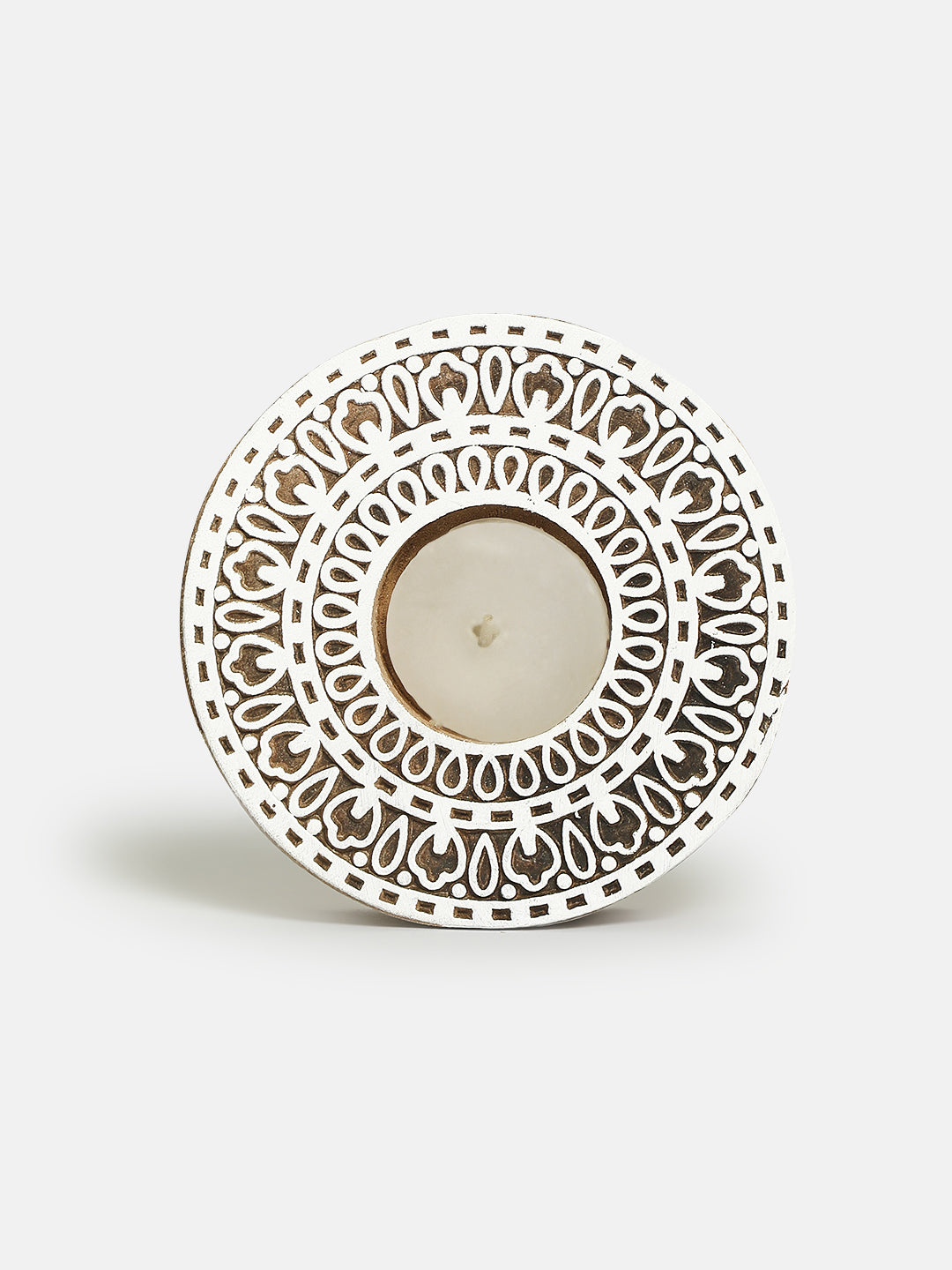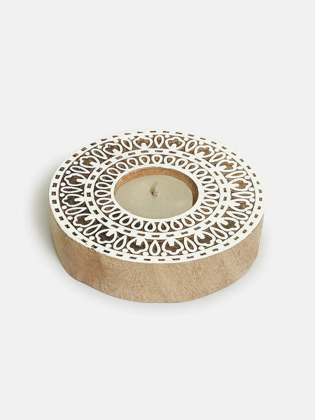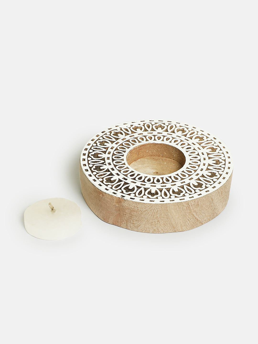 Product Title: Round Shaped Block Printing Tea Light Wooden Candle Diya Holder
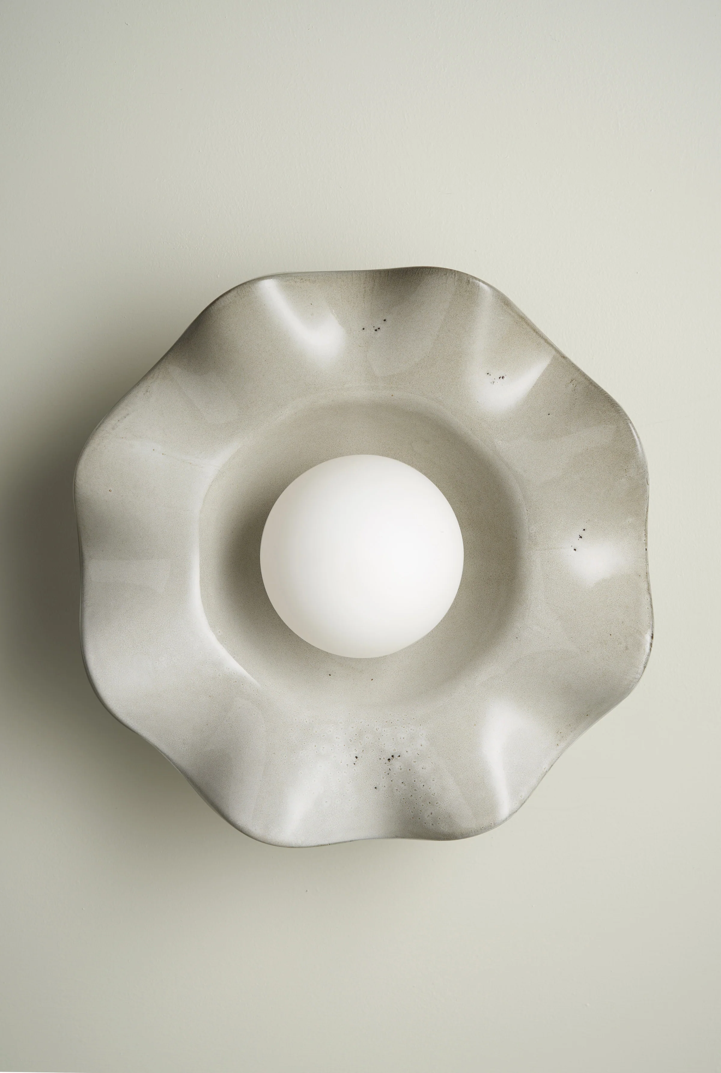 A quirky combination of modern, crafted clay and whimsical frills, our new Pearl Wall sconce is available in 2 unique clay finishes, and our favourite glazes.
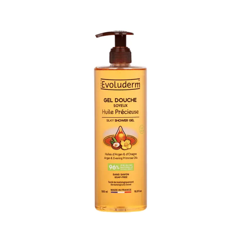 Le Gel Douche Soyeux Huile Précieuse est un soin lavant formulé à 96 % d’ingrédients d’origine naturelle, végan, sans savon et testé dermatologiquement.
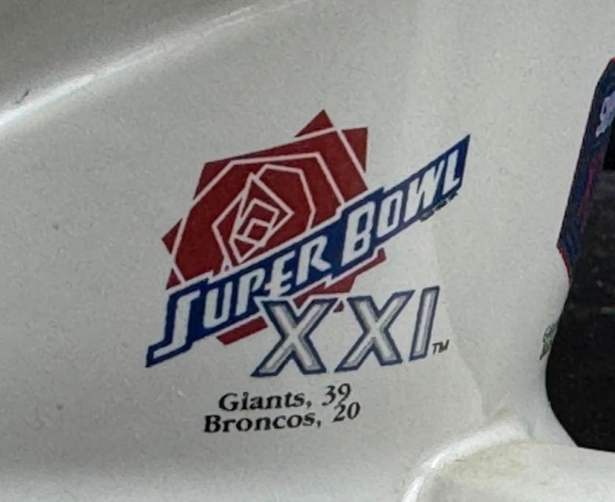 This beer mug is part of the "NFL USA Super Bowl Champions Helmets" collector's series. The mugs in this series were produced by Ceramarte in Brazil between 1996 and 1997. The three-dimensional design replicates the helmets used by the NFL USA. Each mug in the series features the team logos and the number of victories for each team, as well as the Super Bowl logos and the dates of each victory. Each mug is numbered and comes with an authenticity certificate.
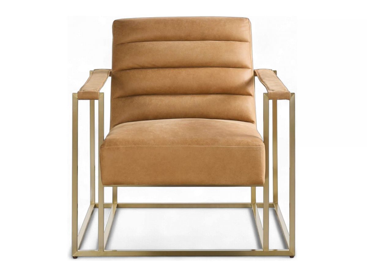 Experience elegant and modern style with the Jensen accent chair in sandstone leather upholstery.
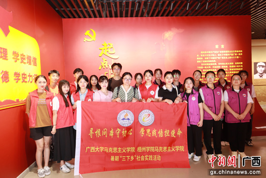 中新网广西新闻7月26日电 为推动党史学习教育深入青年,教育引导广大团员青年永远跟党走、奋进新征程,以奋发向上的精神状态迎接党的二十大胜利召开,beat365正版唯一官网必一马克思主义学院师生一行15人近日前往梧州市联合梧州学院马克思主义学院共同开展“寻根问本守初心,学思践悟担使命”暑期“三下乡”社会实践活动。
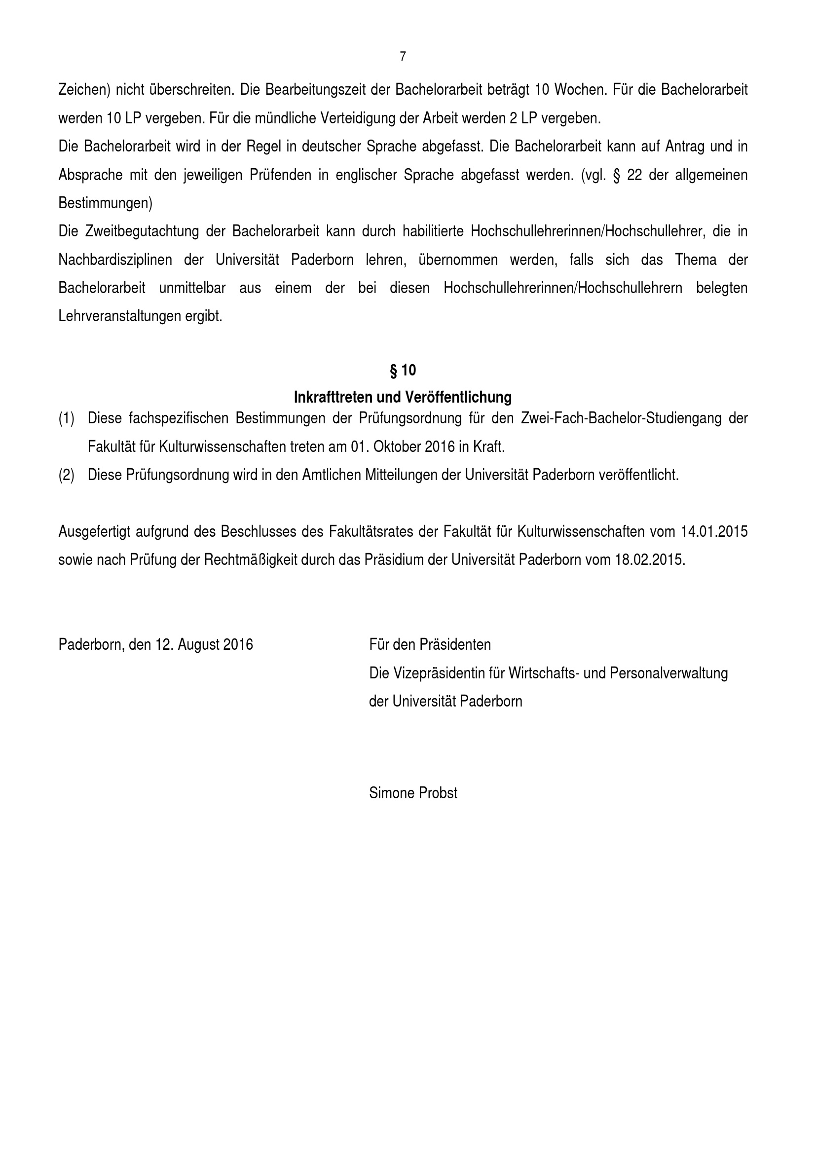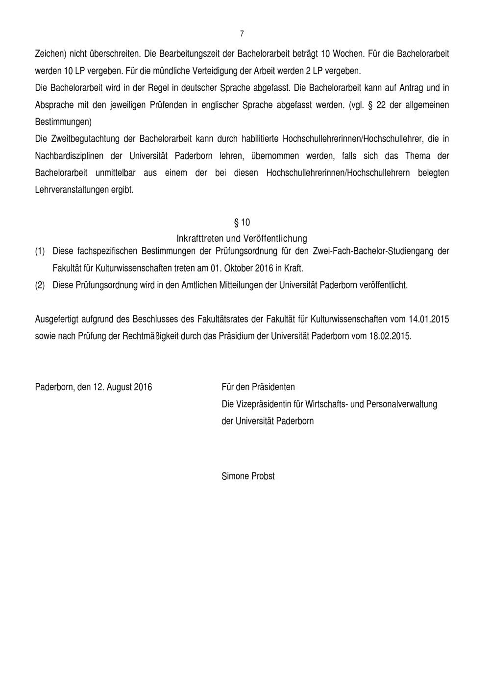 Fachspezifische Bestimmungen für das Fach Komparatistik / Vergleichende Literatur- und Kulturwissenschaft der Prüfungsordnung für den Zwei-Fach-Bachelorstudiengang der Fakultät für Kulturwissenschaften an der Universität Paderborn : vom 12. August 2016
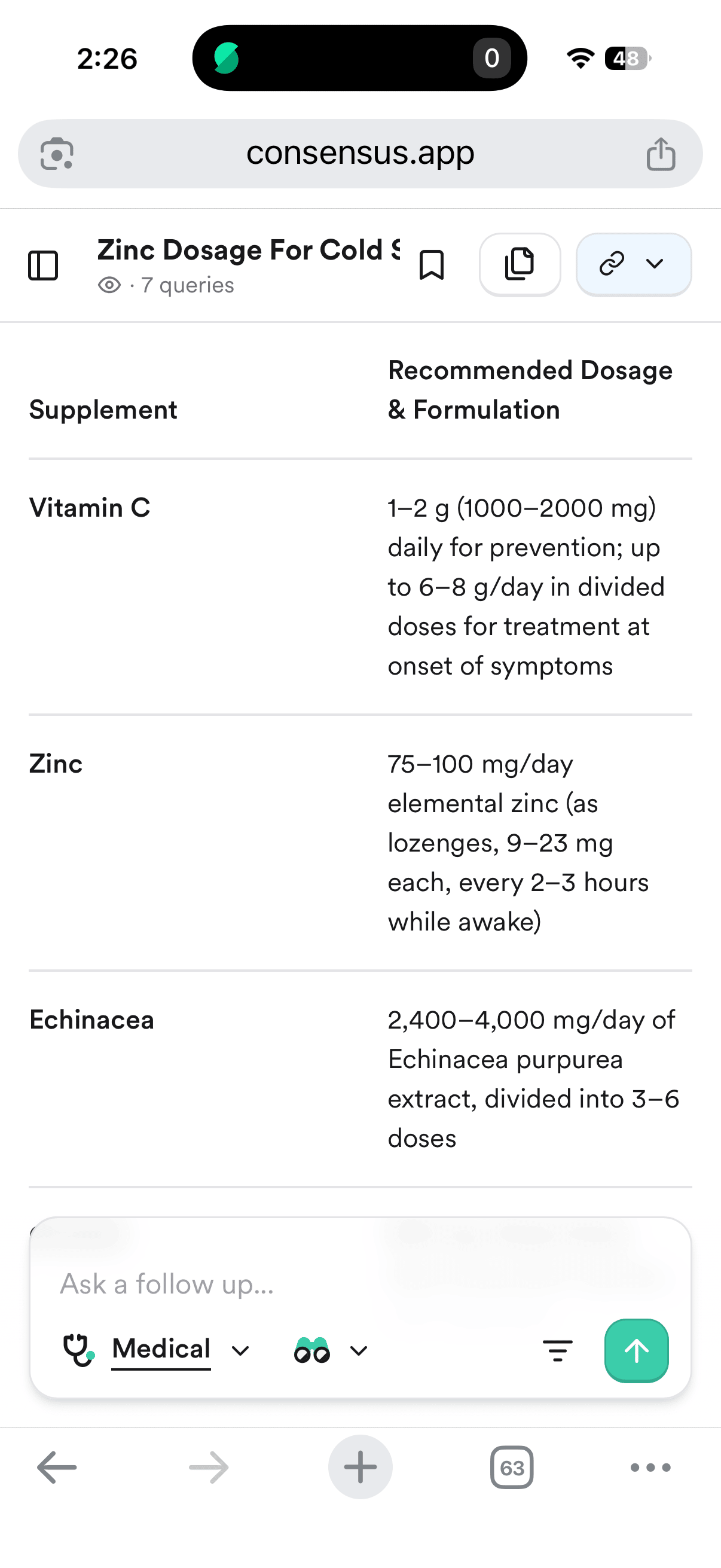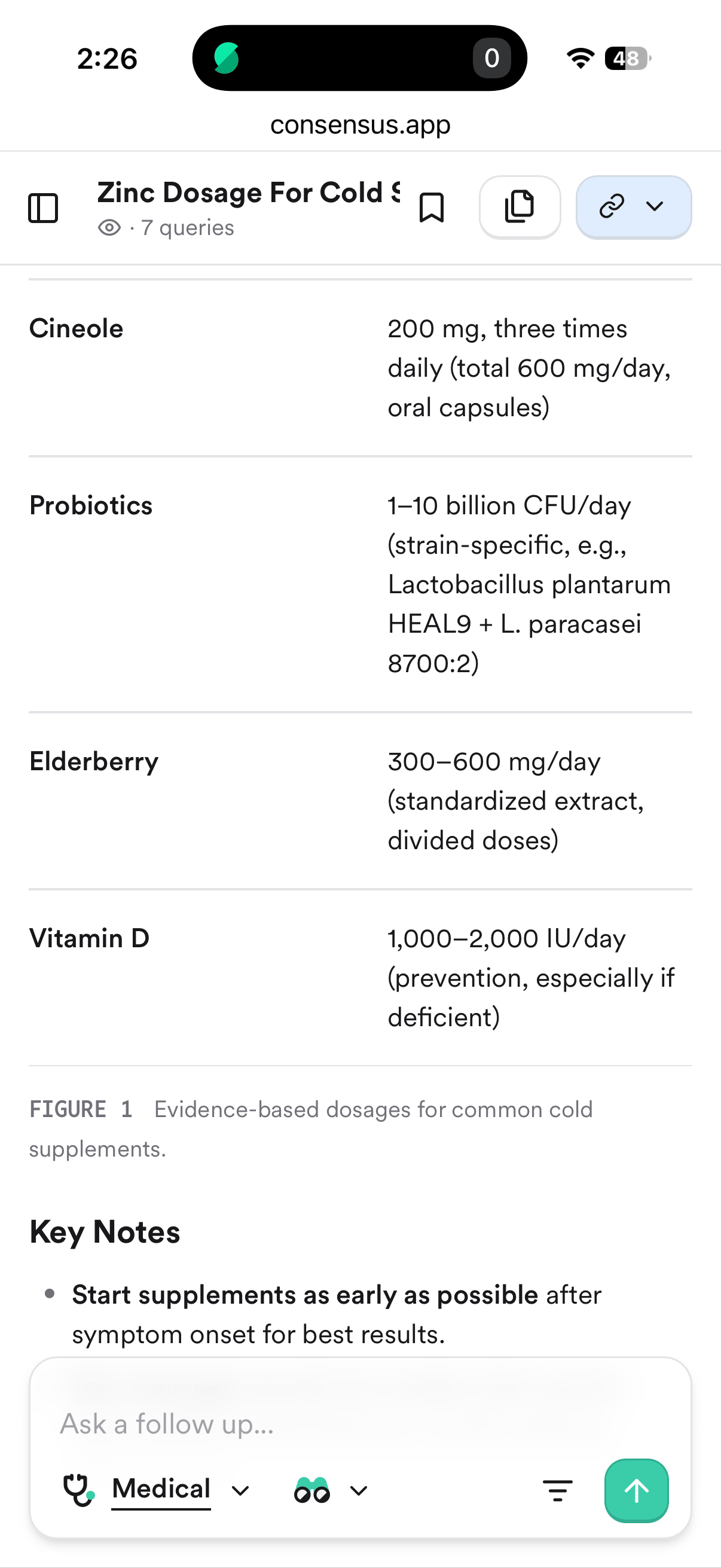 It started with a tickle in my throat. Friday morning. First sore throat of the year. I was furious. I’d made it almost twelve months without a single cold (a personal record) and now my immune system had decided to clock off early. But instead of sulking, I decided to experiment. What if I used AI to get over my cold faster? I opened Consensus.app, which scans academic journals for actual research (not influencer opinions). I set it to Medical mode (searching ONLY medical journals) and typed in: “What supplements reduce the severity or duration of a common cold?” Seconds later, it spat out a neat summary of studies where the effect size was, at a minimum, 'moderate'. I then asked it for recommended dosages, and it did the maths for me. (Check out the screenshots below if you're curious!) Next stop: Perplexity.ai. I asked it to find the highest-quality supplement brands available in Australia and where I could actually buy them nearby. Within minutes, I had a shopping list and local links. A quick trip to the chemist later, I started my AI-prescribed regimen. Result? I kicked my cold in five days (two days faster than the average recovery time). Was it the supplements? The placebo effect? Or the fact that I felt smugly proactive instead of helpless? Probably a mix of all three. But here’s the bigger point: AI isn’t just for work productivity hacks. It can help us become smarter, faster decision-makers in our personal lives too, even when we’re feeling sorry for ourselves under a doona. Cheers Amantha P.S. I’m not a medical doctor (psychological, yes; stethoscope, no). This isn’t medical advice, just me nerding out with research and AI. Always chat to an actual GP before taking any new supplements. P.P.S. Want to be the first to know about dates for our 2026 GenAI programs? Fill in this 2 minute survey and you'll be the first to know (along with getting fist dibs on some special discounts too).

◆ ◆ ◆ ◆ ◆ ◆ ◆

The copy you produce must repeat all the entries exactly and contain no pictures.

▸ Answer box
 Product Title: Round Shaped Block Printing Tea Light Wooden Candle Diya Holder
 A quirky combination of modern, crafted clay and whimsical frills, our new Pearl Wall sconce is available in 2 unique clay finishes, and our favourite glazes.
 Le Gel Douche Soyeux Huile Précieuse est un soin lavant formulé à 96 % d’ingrédients d’origine naturelle, végan, sans savon et testé dermatologiquement.
 This beer mug is part of the "NFL USA Super Bowl Champions Helmets" collector's series. The mugs in this series were produced by Ceramarte in Brazil between 1996 and 1997. The three-dimensional design replicates the helmets used by the NFL USA. Each mug in the series features the team logos and the number of victories for each team, as well as the Super Bowl logos and the dates of each victory. Each mug is numbered and comes with an authenticity certificate.
 Experience elegant and modern style with the Jensen accent chair in sandstone leather upholstery.
 中新网广西新闻7月26日电 为推动党史学习教育深入青年,教育引导广大团员青年永远跟党走、奋进新征程,以奋发向上的精神状态迎接党的二十大胜利召开,beat365正版唯一官网必一马克思主义学院师生一行15人近日前往梧州市联合梧州学院马克思主义学院共同开展“寻根问本守初心,学思践悟担使命”暑期“三下乡”社会实践活动。
 Fachspezifische Bestimmungen für das Fach Komparatistik / Vergleichende Literatur- und Kulturwissenschaft der Prüfungsordnung für den Zwei-Fach-Bachelorstudiengang der Fakultät für Kulturwissenschaften an der Universität Paderborn : vom 12. August 2016
 It started with a tickle in my throat. Friday morning. First sore throat of the year. I was furious. I’d made it almost twelve months without a single cold (a personal record) and now my immune system had decided to clock off early. But instead of sulking, I decided to experiment. What if I used AI to get over my cold faster? I opened Consensus.app, which scans academic journals for actual research (not influencer opinions). I set it to Medical mode (searching ONLY medical journals) and typed in: “What supplements reduce the severity or duration of a common cold?” Seconds later, it spat out a neat summary of studies where the effect size was, at a minimum, 'moderate'. I then asked it for recommended dosages, and it did the maths for me. (Check out the screenshots below if you're curious!) Next stop: Perplexity.ai. I asked it to find the highest-quality supplement brands available in Australia and where I could actually buy them nearby. Within minutes, I had a shopping list and local links. A quick trip to the chemist later, I started my AI-prescribed regimen. Result? I kicked my cold in five days (two days faster than the average recovery time). Was it the supplements? The placebo effect? Or the fact that I felt smugly proactive instead of helpless? Probably a mix of all three. But here’s the bigger point: AI isn’t just for work productivity hacks. It can help us become smarter, faster decision-makers in our personal lives too, even when we’re feeling sorry for ourselves under a doona. Cheers Amantha P.S. I’m not a medical doctor (psychological, yes; stethoscope, no). This isn’t medical advice, just me nerding out with research and AI. Always chat to an actual GP before taking any new supplements. P.P.S. Want to be the first to know about dates for our 2026 GenAI programs? Fill in this 2 minute survey and you'll be the first to know (along with getting fist dibs on some special discounts too).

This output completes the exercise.